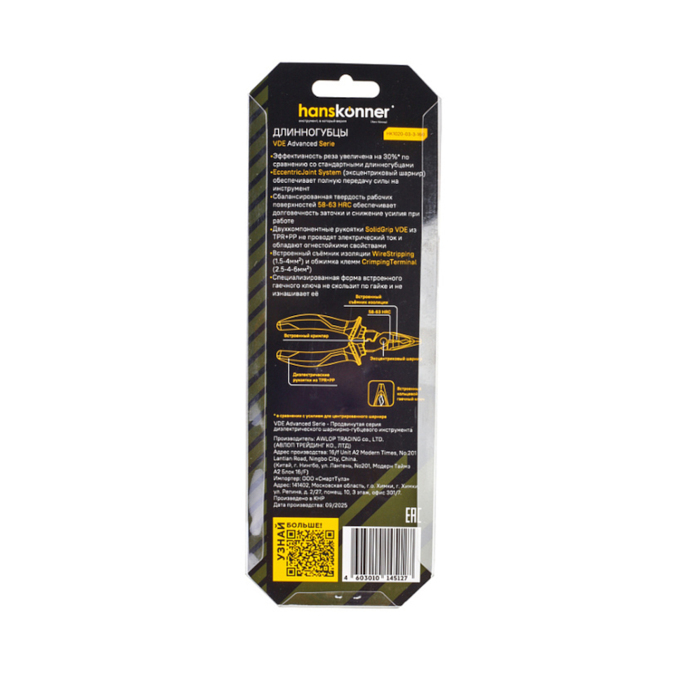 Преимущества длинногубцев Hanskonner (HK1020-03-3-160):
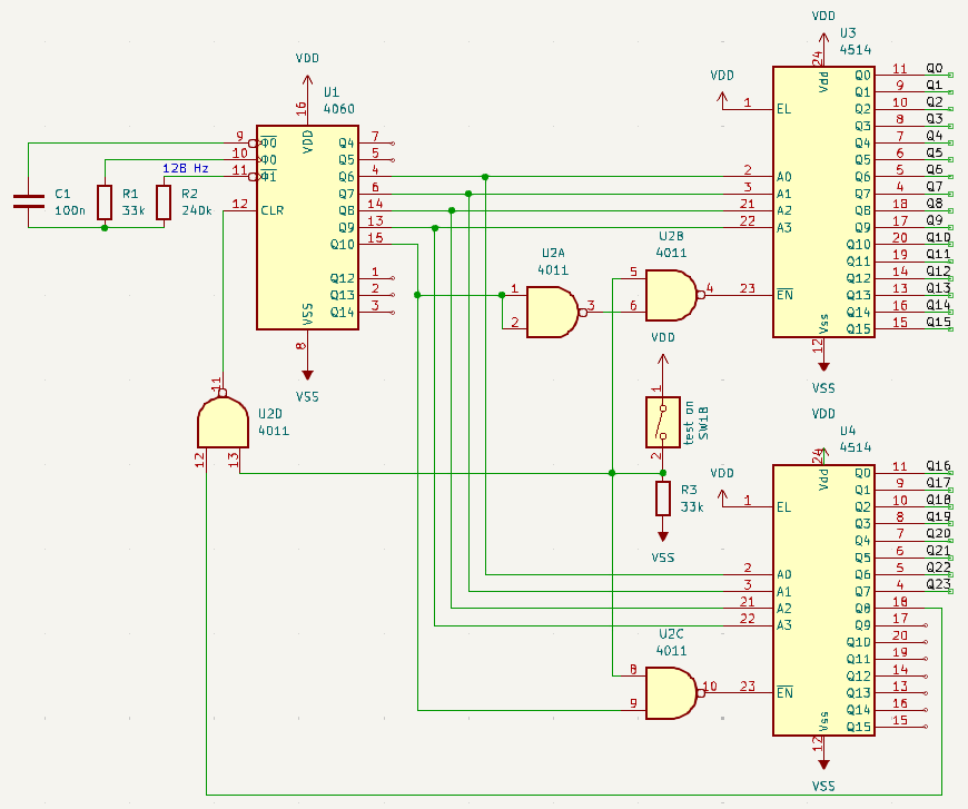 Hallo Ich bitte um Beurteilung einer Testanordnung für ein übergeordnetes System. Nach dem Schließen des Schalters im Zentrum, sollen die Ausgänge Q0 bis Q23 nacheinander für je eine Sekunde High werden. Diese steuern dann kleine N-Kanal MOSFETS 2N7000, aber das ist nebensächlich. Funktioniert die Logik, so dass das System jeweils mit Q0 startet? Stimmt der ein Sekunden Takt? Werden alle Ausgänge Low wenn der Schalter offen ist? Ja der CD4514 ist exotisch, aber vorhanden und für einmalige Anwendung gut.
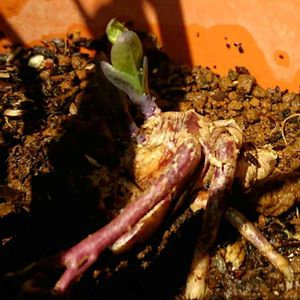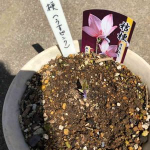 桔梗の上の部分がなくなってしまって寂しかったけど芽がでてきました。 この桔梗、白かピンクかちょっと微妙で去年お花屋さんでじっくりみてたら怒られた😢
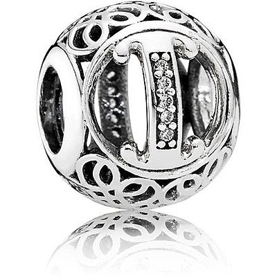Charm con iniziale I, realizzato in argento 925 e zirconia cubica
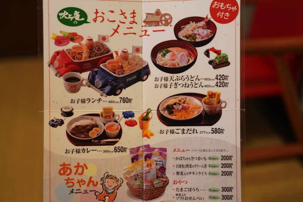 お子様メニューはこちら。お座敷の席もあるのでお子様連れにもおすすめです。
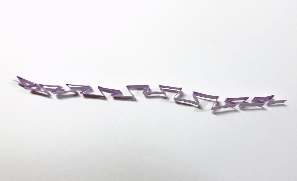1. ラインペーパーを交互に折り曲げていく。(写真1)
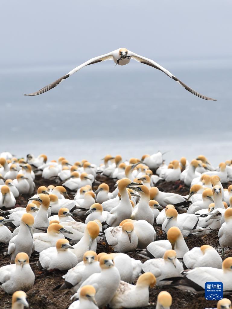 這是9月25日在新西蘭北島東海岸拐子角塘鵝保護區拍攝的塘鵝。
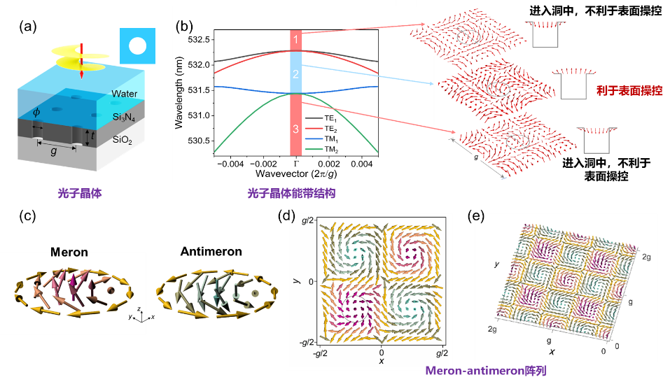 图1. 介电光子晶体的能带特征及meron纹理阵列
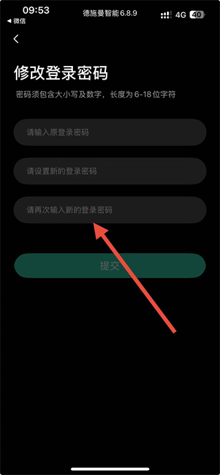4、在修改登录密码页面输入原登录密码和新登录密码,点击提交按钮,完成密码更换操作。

» **ACTIVITY**
Lines starting at the one with "這是9月25日在新西蘭北島東海岸拐子角塘鵝保護區拍攝的塘鵝。" and ending at the last line of the entries above must be restated word for word, with pictures omitted.

» **ANSWER AREA**
 這是9月25日在新西蘭北島東海岸拐子角塘鵝保護區拍攝的塘鵝。
 图1. 介电光子晶体的能带特征及meron纹理阵列
4、在修改登录密码页面输入原登录密码和新登录密码,点击提交按钮,完成密码更换操作。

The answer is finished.